College Consensus logoCrucial Characteristics

Professional Preparedness: When students attend a business school, they go into it wanting to learn as much foundational business knowledge as possible and be able to graduate with the confidence that they have been professionally prepared to enter into their desired career. The College helps prepare students for internships through a faculty internship advisor, and workshops on how to find the right internship and how to be successful within it. They have several resources that help prepare students to know how to interact, dress, and navigate jobs professionally. There are career fairs and workshops for resume building, interview preparations, social media resources, business etiquette, job searches, and more. The Rankin CoB has thoughtfully placed support systems, with programs and even Career Coaches, at every turn on the road from education to career. They are intentionally placed to help students make the best decisions throughout their educational path to get them to their career of choice.

Executive Engagement: It is vital to the overall educational experience for business students to be able to hear from and work with business professionals and executives during their time in college. Rankin College of Business places incredible importance on providing numerous opportunities for students to engage with executives and businesses in the local and regional communities. The Executive Network Conference gives students the opportunity to hear from and interact with successful alumni who have become executives in their career. RCB on the Road is a program that all majors participate in, where students travel to business locations and take part in learning, first-hand, from the leaders about how different businesses operate. There is a unique opportunity for students in every major to have lunch and interact with the Dean personally. The mentorship that students receive through their engagement with executives is priceless. 
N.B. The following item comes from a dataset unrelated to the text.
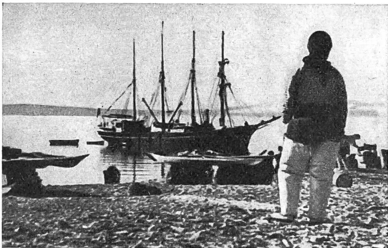
Die für die Eskimos wichtigen Lebensgüter werden ausgeladen.

sen einer der wildesten Schneestürme der dunklen Polarnacht tobt. In diesem einzigen Raum sitzen sie entblößten Oberkörpers beim Tranlicht und schmausen nach Herzenslust. Uns würde es wohl weniger munden; denn ihre Vorliebe für alle Arten rohen Fleisches, gefroren oder halbgefroren, entspricht nicht unseren Sitten. Auch erscheint es uns nicht gerade appetitlich, dass sie sich beim Essen der blossen Hände und eines eigenartigen Messers bedienen, mit dem sie die Bissen des mit den Zähnen gehaltenen Fleisches knapp vor den Lippen abschneiden. Die Eskimos besitzen, in primitiver Weise natürlich, einen ausgesprochenen Sinn für Musik, der sie befähigt, als eigene Komponisten und Dichter aufzutreten und sich auf einer Art kleiner Trommel geschickt zu begleiten.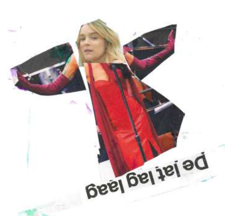
Gemaakt door Amin

Experiential Learning: Rankin provides ways for students to work on real-life business projects for hands-on experience. Students have multiple ways to gain real-word experience with local organizations, including the partnership with the Arkansas Small Business Technology Development Center and the SAU Beyond the Campus. Rankin also provides an internship called Volunteer Income Tax Assistance, where accounting students provide tax services to the community. Experiential learning is a necessary part of the process to successfully prepare future business leaders.